For five years, those friends in the U.S. have engaged in efforts as noble as they are lonely, which have been completely unreported by the corporate media and very little has filtered out through those who consider themselves their alternative.

And so it has not been difficult for the U.S. government to maintain its obstinate position and continue imposing secrecy.

Nor has it found it particularly difficult to keep the satellite imagery it jealously guards from public view about the incident of February 24, 1996. Fifteen years ago it did not allow the investigators from the International Civil Aviation Organization to view them, it refused to present them to the court in Miami, and now it has reiterated its refusal. Its attitude of impeding others from seeing the proof that only Washington can access is so obvious and suspicious that in its lengthy 123 page argument with three appendices against Gerardo, it barely alludes to the matter in a twisted five line paragraph.

Allow me a brief review. Gerardo Hernández Nordelo had absolutely nothing to do with the downing of the aircraft on February 24, 1996. The U.S. government itself, that of W. Bush, acknowledged the lack of proof to sustain its accusation against Gerardo and asked to withdraw it at the last minute. It did so in an official document, titled “Emergency Petition” and which, according to they themselves, constituted an unprecedented action in the history of that country.

Here is the document, dated May 25, 2001, soon it will be ten years old, but as far as those who call themselves “information media” it does not exist.
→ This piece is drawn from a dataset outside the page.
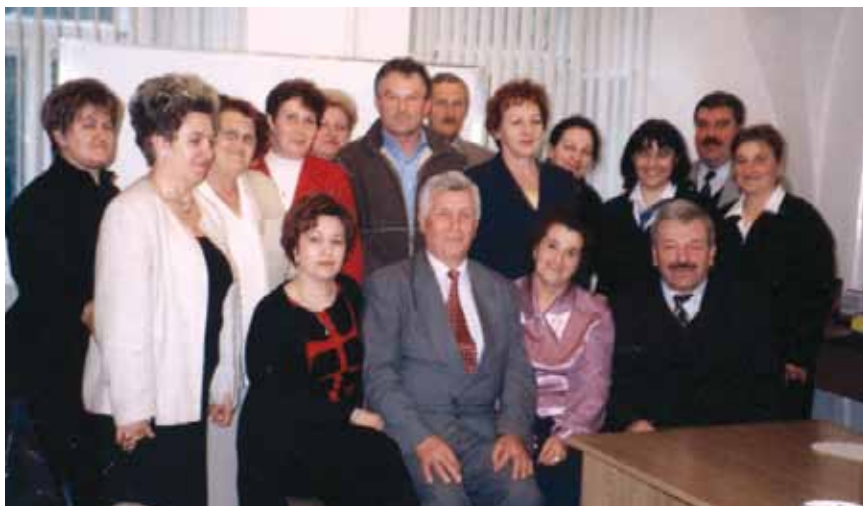
Zarząd SRKDP VIII - kadencji

Nowy lokal był bardzo obszerny o pow. około 110 m kw., w skład którego wchodziło 6 pomieszczeń, w których urządzono: biuro, poradnię rodzinną, świetlicę komputerową, zaplecze gospodarcze, łazienkę i salę konferencyjną. W tych warunkach lokalowych pojawiła się duża możliwość prowadzenia pożytecznej działalności.

I have inherited a certain tendency toward obstinacy from my Andalucian ancestors, and that’s why I carry it with me from time to time, because even gypsies believe in chance. You never know. Maybe one day someone will discover that this document exists.
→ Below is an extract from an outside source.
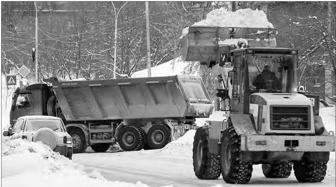
Днем 24 декабря отгружали снег с обочин улицы Карла Маркса. Работает МУП «Тагилдорстрой».

Как уже сообщал «ТР», в январе за уборку снега дорожники взялись активно и работали днем и ночью.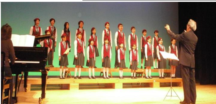
（少女の意見が堂々と発表され、発表の途中でのアトラクションタイムに、始良市少年少女合唱団の澄みきった合唱がありました。）

Returning to the event of February 24, 1996. No U.S. court had jurisdiction over the matter, unless it had occurred in international airspace. The investigation performed by the ICAO revealed something surprising. Despite being warned beforehand by their government, the U.S. radar stations either did not register the event or offered contradictory data or destroyed the data. The only proof supplied by U.S. authorities is the testimony from the captain of a boat that operated - by coincidence? - out of Miami.

And so, the interest, first by the ICAO and later by Gerardo’s defense team, in the satellite imagery. The U.S. government never denied the existence of these images, it admitted having them, but it put a fifteen year prohibition on allowing anyone else to see them.

How can it be explained that they have successfully managed to hide them for such a long time? Simply because their revealing conduct has never become news, because they have been able to count on the complicity of the enormous media corporations, but also, it must be said, on our own laziness.

The worst enemy of press freedom is the media dictatorship exercised by the huge corporations which manipulate information and substitute an industry of deceit.

This dictatorship imposes the news menu that circulates through our newsrooms, its codes of language and interpretation circulating along with it. If we wish to develop truthful journalism, capable of transforming itself into a real alternative, it’s essential to go beyond the menu and find the truth in other sources. It is a professional necessity but also a duty of solidarity with those who, lacking resources, are waging hard battles alone. Assisting in the articulation of their scattered efforts is the obligation of a revolutionary press. It’s also the best recipe for curing the infection from those codes that circulate, often inadvertently, among ourselves.

Acting this way, we can also make news. Without inventing it or fabricating it, like the inventions and fabrications that are so abundant on the menu we are served day and night. By breaking the chains that lock up the truths such as those I’ve allowed myself to mention here. We ought to be, finally, like Julio Antonio Mella wanted us to be: “Thinking beings not driven ones.”

Text read as part of a speech given on May 3, 2011, in an event held jointly by the FELAP (Latin American Federation of Journalists) and the UPEC (Cuban Association of Journalists) for Día de la Libertad de Prensa [Press Freedom Day].